We know that negotiating isn’t easy, especially if you’re feeling nervous that your request might be rejected and you might lose the job offer. The process involves preparation, strategy and a steady nerve. Yet, none of that means you shouldn’t give it a go, or that the employer won’t get on board with your needs.
Here’s our step-by-step guide to help you get what you want:
Show your enthusiasm
First things first: thank the hiring manager for the job offer. Impress upon them how happy you are to have got the role and how excited you are at the prospect of working for the company. Then you can say that before accepting the offer, you’d like to have a conversation about flexible working. (Be sure to check out the benefit schemes that come with the offer before entering negotiations. It may be the company has a Carers Policy, which you could use to support your case.)

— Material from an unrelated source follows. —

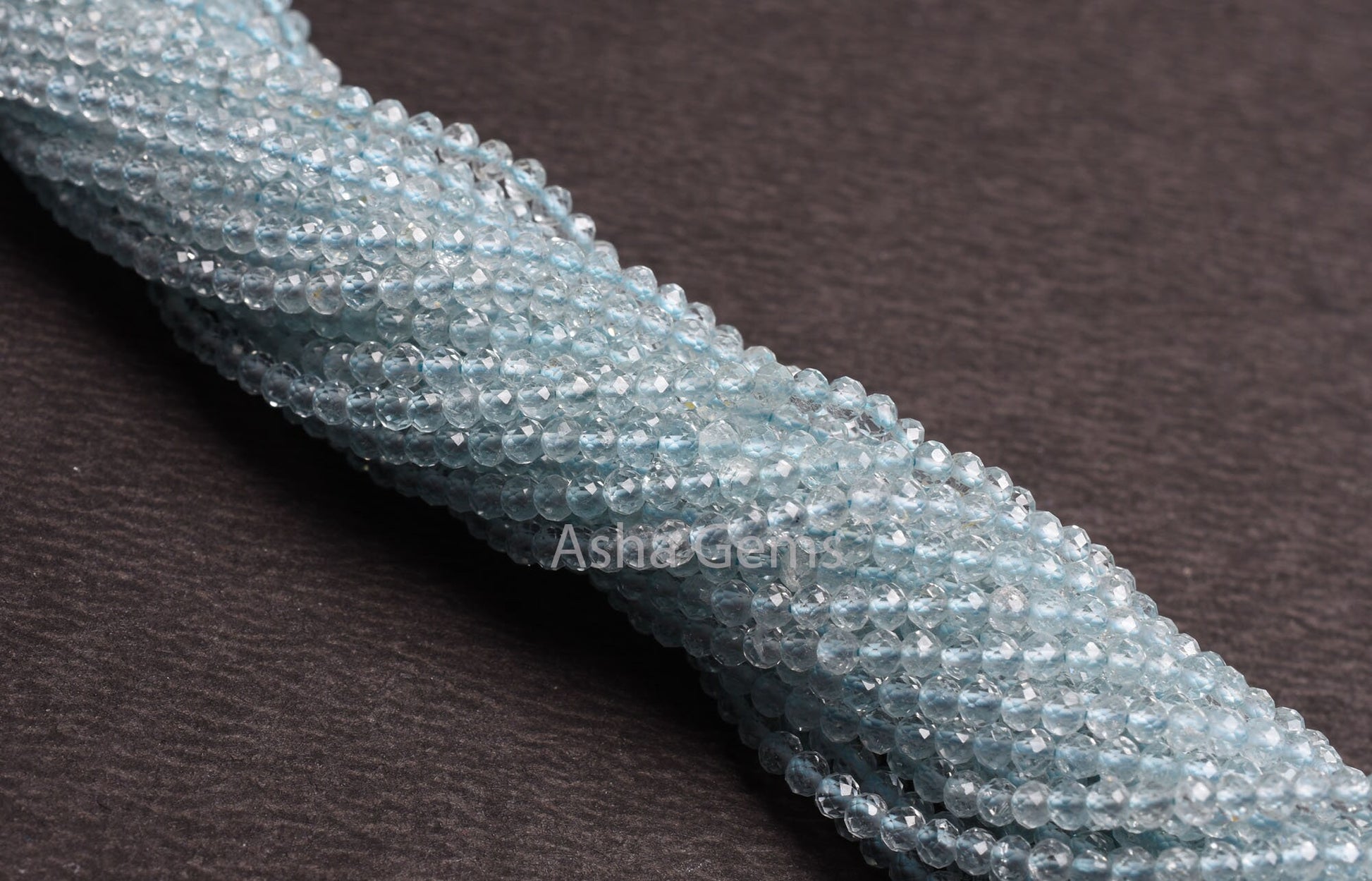13" Strand AAA Sky Blue Topaz Machine Cut Faceted Beads,2.75 mm Natural Topaz Micro Cut Gemstone Beads, Real Sky Topaz Bead For Jewelry SALE

Think of flexible working as a benefit, just like the salary
Have an idea in your head of what you want, what the employer will want, and be prepared to meet somewhere in the middle. We know that 9 in 10 UK managers are open to flexible working for the right candidate and, as you’ve just been offered the job, you can safely assume that’s you.
Offer a solution, not a problem
Package your need for flexible working as something that will work well for the role, and find ways to back-up your case. For instance, have you worked flexibly in previous roles, and can you explain how successful it was? Can you suggest that working from home for certain tasks will make you more productive? Will working remotely permit you to start earlier or perhaps stay connected later? Present your need for flexible working as a benefit to the employer.
And remember, you don’t need to give emotional or extensive details about your life as a carer; a brief explanation will suffice. Negotiating flexibility isn’t about the why - it’s about the how.
It’s all in the pitch
Reaching an arrangement you’re happy with will depend just as much on the way you negotiate, as what you’re actually negotiating. Be confident, calm, straightforward and definitely not emotional, even if you feel there’s a lot riding on this. Practise your pitch beforehand, because it’s all in the delivery - if you don’t sound like you believe this is a good idea which can work, the employer certainly won’t.
Be flexible about your flexibility
Remember negotiation is a two-way street. Your ability to meet your caring responsibilities is your number one priority, but it won’t be the employer’s. So can you meet them halfway? For example, could you adjust the hours you want from time to time, when the business needs it? Could you take a three month trial period full-time, with the intention of moving down to a four day week once you’re settled in the role? Have a conversation and reach a compromise - it will show willing to your employer, which is an attitude they will thank you for.